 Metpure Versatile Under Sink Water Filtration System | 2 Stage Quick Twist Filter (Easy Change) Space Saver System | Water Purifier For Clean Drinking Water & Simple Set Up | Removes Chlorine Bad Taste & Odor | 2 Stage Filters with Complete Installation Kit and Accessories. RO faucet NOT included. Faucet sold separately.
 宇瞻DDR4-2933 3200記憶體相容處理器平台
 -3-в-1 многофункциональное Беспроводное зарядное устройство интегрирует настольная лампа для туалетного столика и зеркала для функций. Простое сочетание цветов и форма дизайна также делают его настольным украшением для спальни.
═══
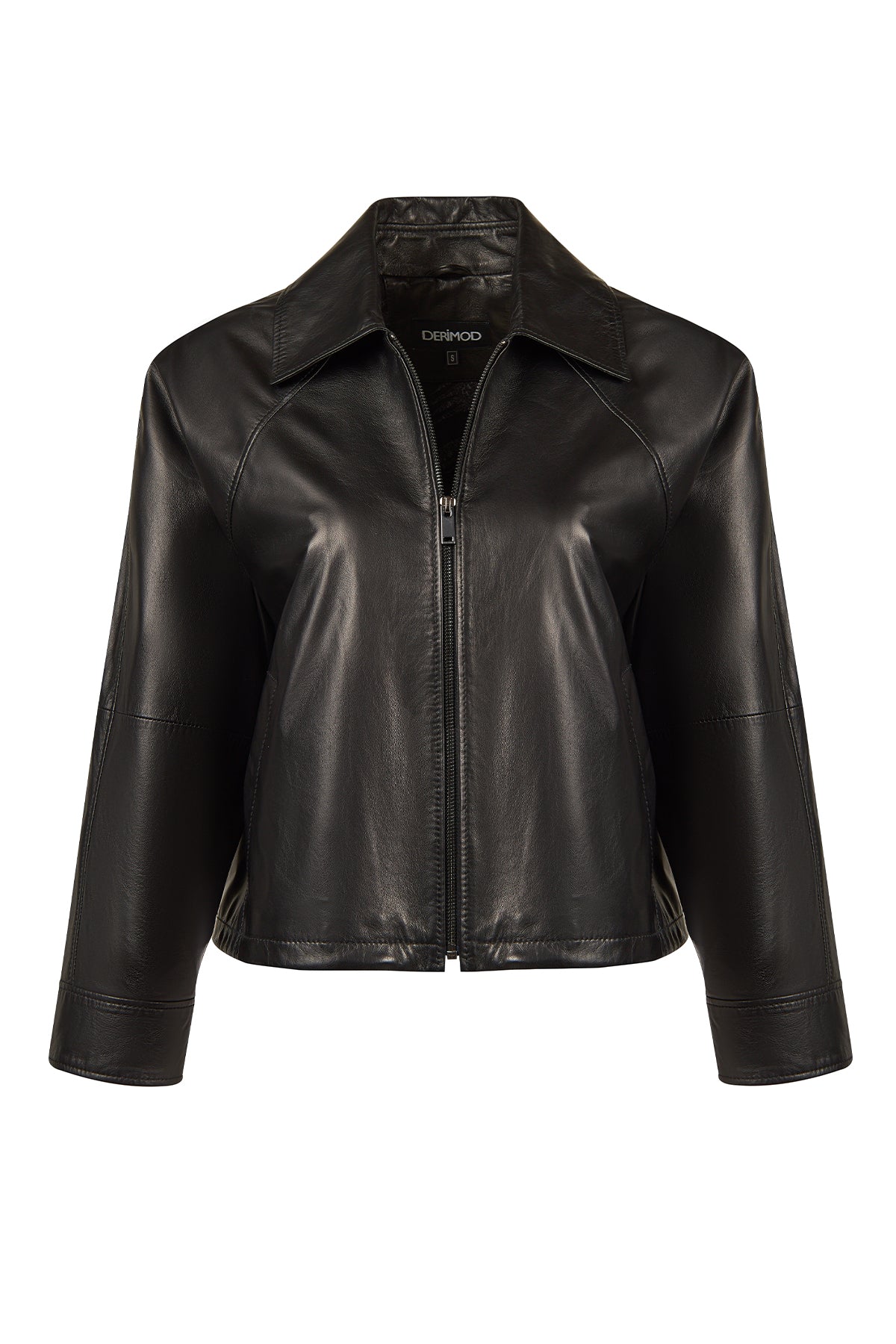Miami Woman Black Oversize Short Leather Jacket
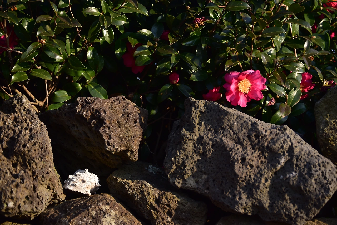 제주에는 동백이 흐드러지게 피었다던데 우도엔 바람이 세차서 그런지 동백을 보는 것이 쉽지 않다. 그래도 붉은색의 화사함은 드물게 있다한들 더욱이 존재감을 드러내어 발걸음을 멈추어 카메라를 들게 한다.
═══
(What the task asks): For this exercise, reproduce exactly the lines of the records above from the one with "Miami Woman Black" up to and including the one with "제주에는 동백이 흐드러지게", without pictures.

(Expected answer):
Miami Woman Black Oversize Short Leather Jacket
 제주에는 동백이 흐드러지게 피었다던데 우도엔 바람이 세차서 그런지 동백을 보는 것이 쉽지 않다. 그래도 붉은색의 화사함은 드물게 있다한들 더욱이 존재감을 드러내어 발걸음을 멈추어 카메라를 들게 한다.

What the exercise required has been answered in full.